**Task instructions**
Transcribe exactly everything in the data below from the line containing "11月7日,在河北唐山芦台经" down to the line containing "This manual includes", both lines included and nothing further.

Provided entries below:

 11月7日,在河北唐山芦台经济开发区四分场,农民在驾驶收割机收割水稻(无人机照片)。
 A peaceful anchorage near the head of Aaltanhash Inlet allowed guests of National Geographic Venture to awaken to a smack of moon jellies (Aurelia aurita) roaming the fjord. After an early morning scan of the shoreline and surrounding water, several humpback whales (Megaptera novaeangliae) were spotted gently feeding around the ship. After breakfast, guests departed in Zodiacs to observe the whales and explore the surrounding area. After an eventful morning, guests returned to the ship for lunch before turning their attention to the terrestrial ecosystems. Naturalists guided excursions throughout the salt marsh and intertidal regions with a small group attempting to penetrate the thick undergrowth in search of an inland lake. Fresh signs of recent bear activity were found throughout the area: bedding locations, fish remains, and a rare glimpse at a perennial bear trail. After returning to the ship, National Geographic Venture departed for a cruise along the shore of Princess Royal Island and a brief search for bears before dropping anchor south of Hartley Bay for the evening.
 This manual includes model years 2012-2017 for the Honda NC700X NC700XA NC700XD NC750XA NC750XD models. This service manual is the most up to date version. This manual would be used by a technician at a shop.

End of Provided entries.
Provided entries below:

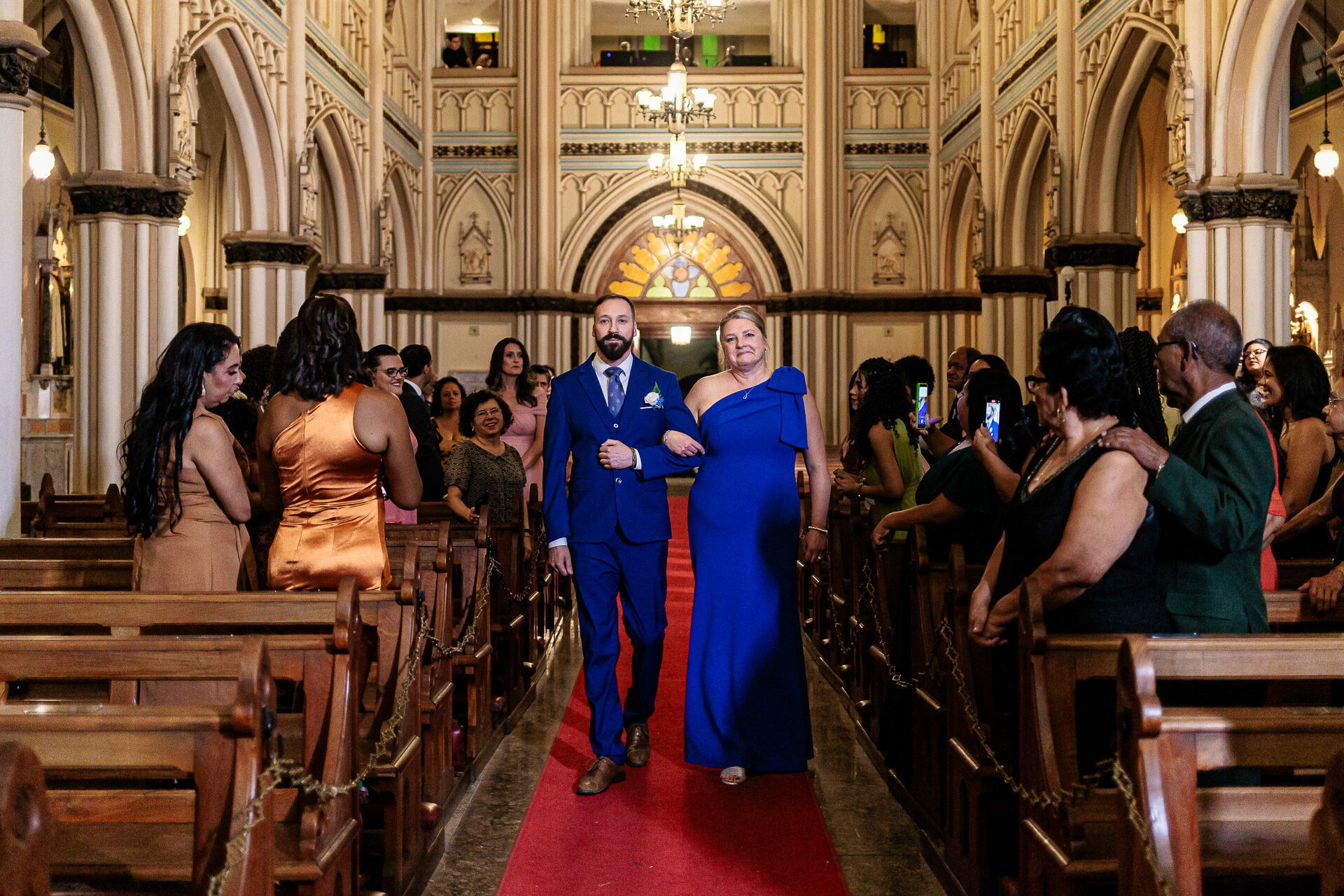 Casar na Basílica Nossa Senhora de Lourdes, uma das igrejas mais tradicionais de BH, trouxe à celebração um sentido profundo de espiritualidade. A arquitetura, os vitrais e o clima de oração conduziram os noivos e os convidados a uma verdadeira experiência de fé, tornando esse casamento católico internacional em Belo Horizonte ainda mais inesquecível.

End of Provided entries.

**Output below**
 11月7日,在河北唐山芦台经济开发区四分场,农民在驾驶收割机收割水稻(无人机照片)。
 A peaceful anchorage near the head of Aaltanhash Inlet allowed guests of National Geographic Venture to awaken to a smack of moon jellies (Aurelia aurita) roaming the fjord. After an early morning scan of the shoreline and surrounding water, several humpback whales (Megaptera novaeangliae) were spotted gently feeding around the ship. After breakfast, guests departed in Zodiacs to observe the whales and explore the surrounding area. After an eventful morning, guests returned to the ship for lunch before turning their attention to the terrestrial ecosystems. Naturalists guided excursions throughout the salt marsh and intertidal regions with a small group attempting to penetrate the thick undergrowth in search of an inland lake. Fresh signs of recent bear activity were found throughout the area: bedding locations, fish remains, and a rare glimpse at a perennial bear trail. After returning to the ship, National Geographic Venture departed for a cruise along the shore of Princess Royal Island and a brief search for bears before dropping anchor south of Hartley Bay for the evening.
 This manual includes model years 2012-2017 for the Honda NC700X NC700XA NC700XD NC750XA NC750XD models. This service manual is the most up to date version. This manual would be used by a technician at a shop.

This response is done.